→ What the task asks: Repeat the listing exactly as given, omitting every image.

───── Data below

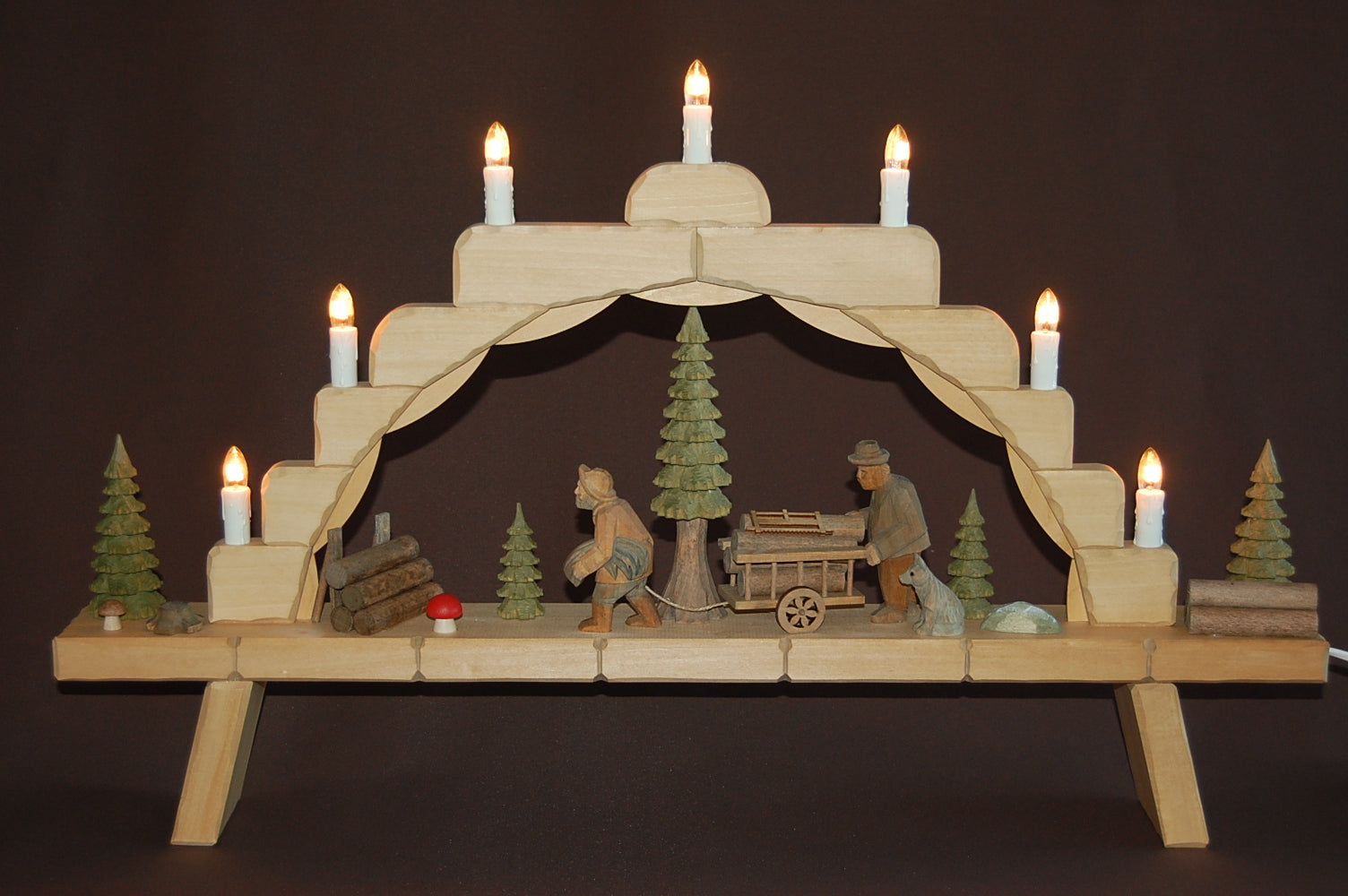 geschnitzter Schwibbogen Holztransport 7-flammig , ca. 71 x 44 cm
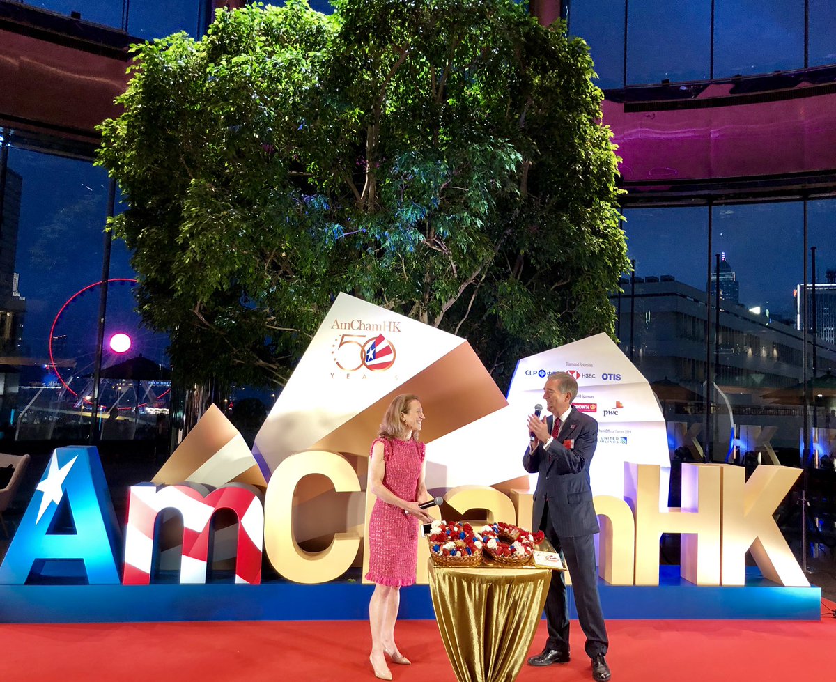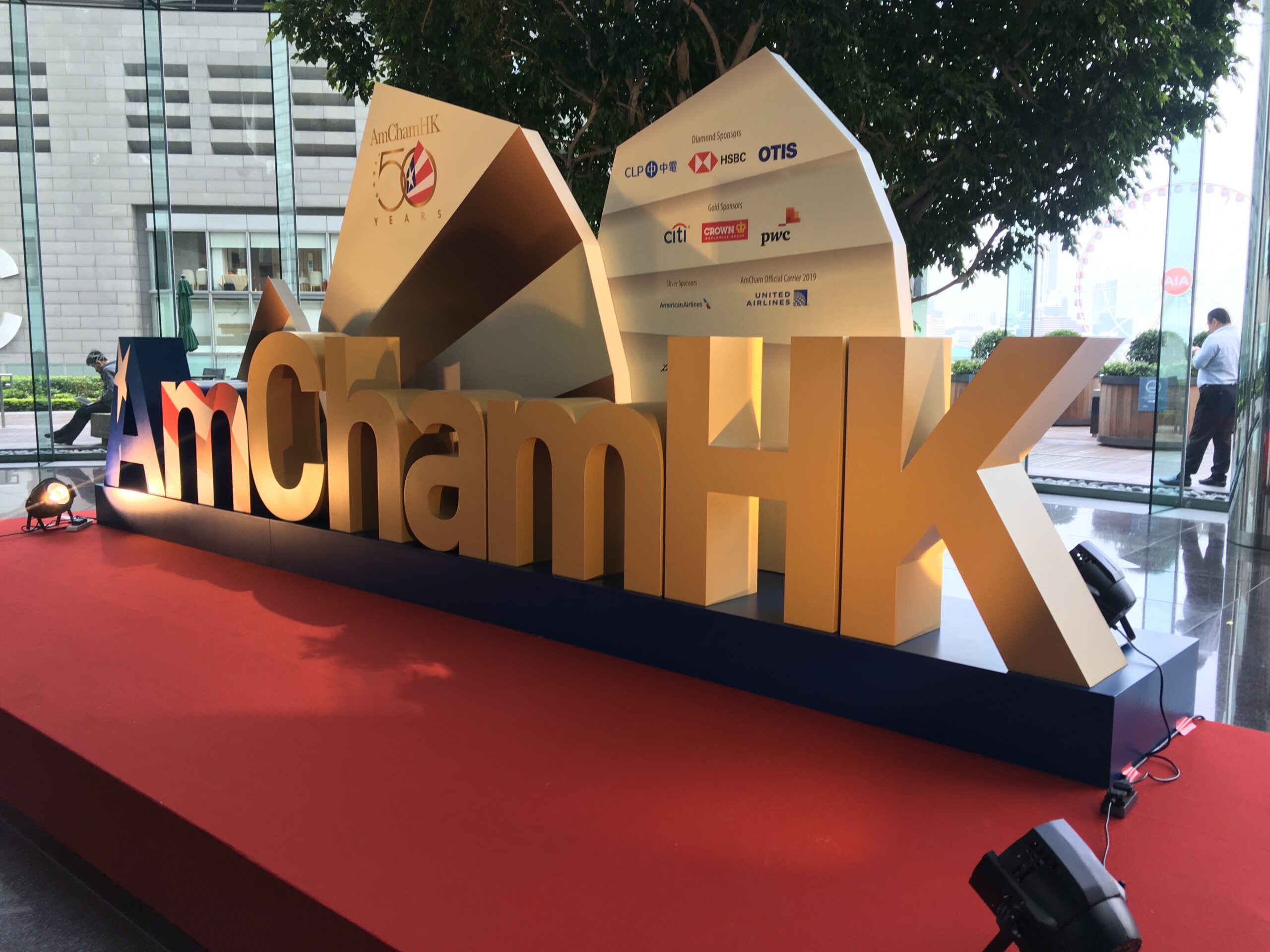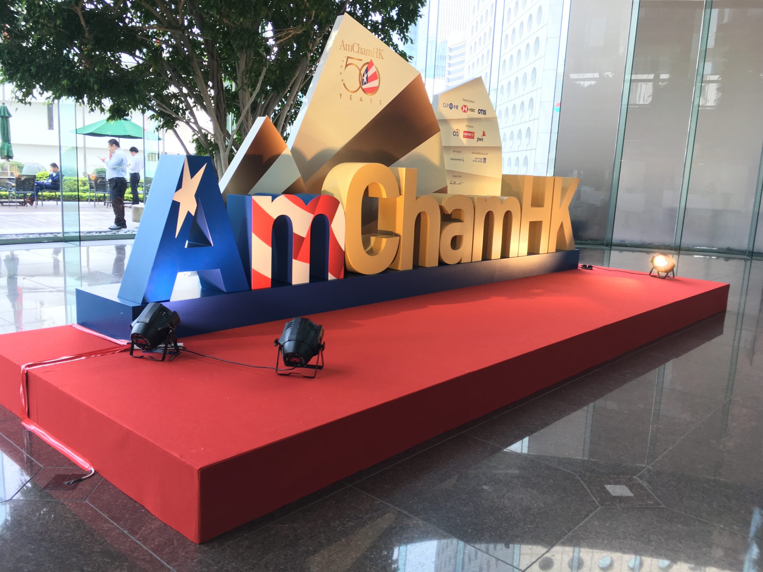 Stage design for AmCham Hong Kong AmChamHK’s 50th Anniversary Exhibition was designed and produced by X2 CREATiVE at Exchange Square Tower. The stage features 3D characters and bold sail designs inspired by the AmCham logo. It’s simple, yet impactful.
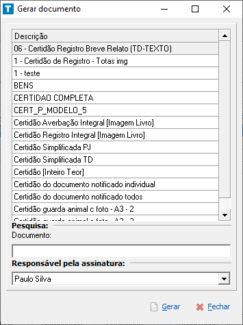 Feche a tela de emolumentos pra continuar. Será exibida a tela de seleção de minutas, com todos os modelos disponíveis apra as certidões positivas.
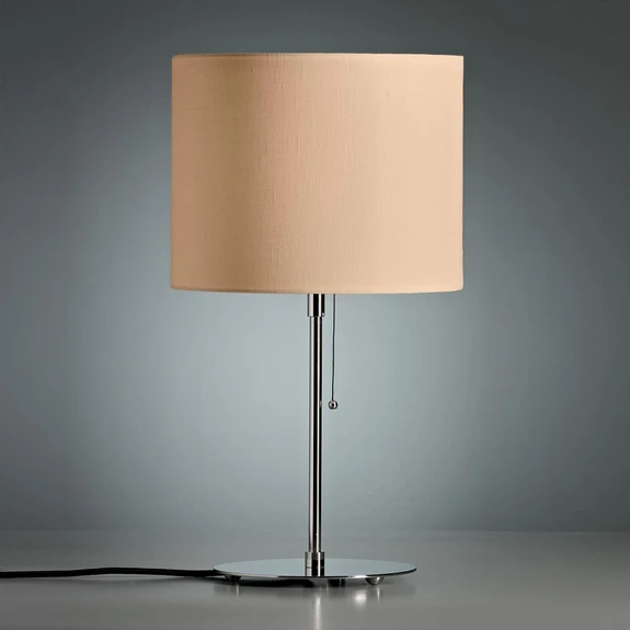 Der Designer dieser Tischleuchte, Walter Schnepel, hat sich intensiv mit der deutschen Leuchtengeschichte auseinandergesetzt und verstanden, welche klassischen Elemente sich mit welchen modernen Materialien kombinieren lassen, um eine edle und begeisternde Wirkung zu erzeugen. Metallfuß und Stab sind vernickelt und wurden mit Elementen versehen, die vom Bauhaus-Stil inspiriert sind. Dazu zählt die schwarze Zugschnur, an der sich ein vernickeltes Kügelchen befindet, ebenso wie das schwarze Zuleitungskabel.

──────────

→ Solution:
 geschnitzter Schwibbogen Holztransport 7-flammig , ca. 71 x 44 cm
 Stage design for AmCham Hong Kong AmChamHK’s 50th Anniversary Exhibition was designed and produced by X2 CREATiVE at Exchange Square Tower. The stage features 3D characters and bold sail designs inspired by the AmCham logo. It’s simple, yet impactful.
 Feche a tela de emolumentos pra continuar. Será exibida a tela de seleção de minutas, com todos os modelos disponíveis apra as certidões positivas.
 Der Designer dieser Tischleuchte, Walter Schnepel, hat sich intensiv mit der deutschen Leuchtengeschichte auseinandergesetzt und verstanden, welche klassischen Elemente sich mit welchen modernen Materialien kombinieren lassen, um eine edle und begeisternde Wirkung zu erzeugen. Metallfuß und Stab sind vernickelt und wurden mit Elementen versehen, die vom Bauhaus-Stil inspiriert sind. Dazu zählt die schwarze Zugschnur, an der sich ein vernickeltes Kügelchen befindet, ebenso wie das schwarze Zuleitungskabel.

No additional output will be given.